NHS reforms moved swiftly up the political agenda at the outset of campaigning for the local and European elections after the charity Age Concern demanded an inquiry into why two pensioners were refused treatment by their local hospitals.
Johnnie Gray, 73, a former bandleader from Brighton with chronic arthritis, and Fred Steadman, 78, of London, who had chest pains, both said yesterday that they were told they could not be accepted for treatment because of their age.
Mr Gray, who during his career played saxophone with Ted Heath's band and on some Beatles records, as well as leading his own band, said that when he asked Newhaven Downs hospital in East Sussex why physiotherapy was being discontinued he was told: 'We are sorry Mr Gray, we can't treat you because you are over 65.'
Mr Steadman said that when his GP telephoned the Royal Free Hospital in Hampstead, north London, to refer him to a heart specialist, the reply was 'they wouldn't accept me because I was over 70'.
Sue Marshall, in charge of physiotherapy at Brighton Healthcare Trust, responsible for the Newhaven hospital, told BBC radio: 'There has to be a fund cut-off point.' People below 65 would be more likely to be at work and would need to get better more quickly. 'It is a fairly arbitrary level of cut- off.' John Spiers, chairman of the trust, denied any policy of discrimination. It was a question of targeting care.
During furious exchanges with Margaret Beckett, Labour's deputy leader, Mr Major was twice asked by Betty Boothroyd, the Speaker, to withdraw his accusation that Mrs Beckett had been 'peddling untruths' in claiming that the patients had been denied treatment because of the Government's NHS changes. Amid uproar from the Labour benches, Mr Major rephrased his answer to insist that Mrs Beckett had been 'misleading the House' and that neither of the two patients had been refused treatment. In both cases they were 'offered better treatment'.
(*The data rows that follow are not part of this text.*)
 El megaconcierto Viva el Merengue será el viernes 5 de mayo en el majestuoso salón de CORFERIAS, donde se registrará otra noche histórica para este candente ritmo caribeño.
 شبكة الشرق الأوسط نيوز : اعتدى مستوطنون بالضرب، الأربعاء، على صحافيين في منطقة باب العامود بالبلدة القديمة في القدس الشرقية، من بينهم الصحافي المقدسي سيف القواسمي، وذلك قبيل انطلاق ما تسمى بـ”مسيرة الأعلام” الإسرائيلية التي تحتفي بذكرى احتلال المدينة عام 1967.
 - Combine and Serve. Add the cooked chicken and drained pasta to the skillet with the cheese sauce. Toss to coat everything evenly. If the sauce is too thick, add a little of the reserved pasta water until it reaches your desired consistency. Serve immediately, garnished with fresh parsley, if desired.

While ministers insist that that the setting of priorities by hospital trusts may mean discontinuing some treatments at certain ages, there was widespread embarrassment at apparent examples of what David Blunkett, Labour's health spokesman, called the 'blanket exclusion' of patients on the grounds of age.
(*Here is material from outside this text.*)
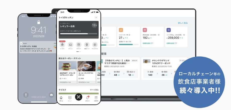 再来店・リピーターを増やす店舗集客に特化したミニアプリプラットフォーム。ローカルチェーン等の 飲食店事業者様 続々導入中です。

As both the Brighton Trust and The Royal Free Trust sought to deflect charges that they operated blanket discrimination, the Royal Free admitted that Mr Steadman's GP, Laurence Buckman, had been given 'inappropriate advice'.
Mr Steadman was refused treatment because of his age after he had gone to Dr Buckman complaining of chest pain. 'He needed to see a heart specialist,' Dr Buckman said. 'I phoned the admitting team at the Royal Free and was told that his district health authority does not have a contract for people of his age to go to that hospital, although it is the nearest and he has been treated there before. I was told they would not admit him under any circumstances because of his age. He obtained treatment elsewhere.'
Elderly people in Kent have protested at a decision by an NHS trust to treat the over-75s at a separate hospital from younger patients. Patients from Tunbridge Wells who are over 75 will be treated at the Pembury Hospital, while others will be treated at the Kent and Sussex Hospital.
The Kent and Sussex Weald NHS Trust said older patients would get better specialist care by geriatric consultants. Part of the decision had been brought about by the reorganisation needed to make sure junior doctors worked fewer hours.
Critics say that medical need, not age, should determine where patients are treated. Pembury has no accident and emergency department and only limited surgical facilities.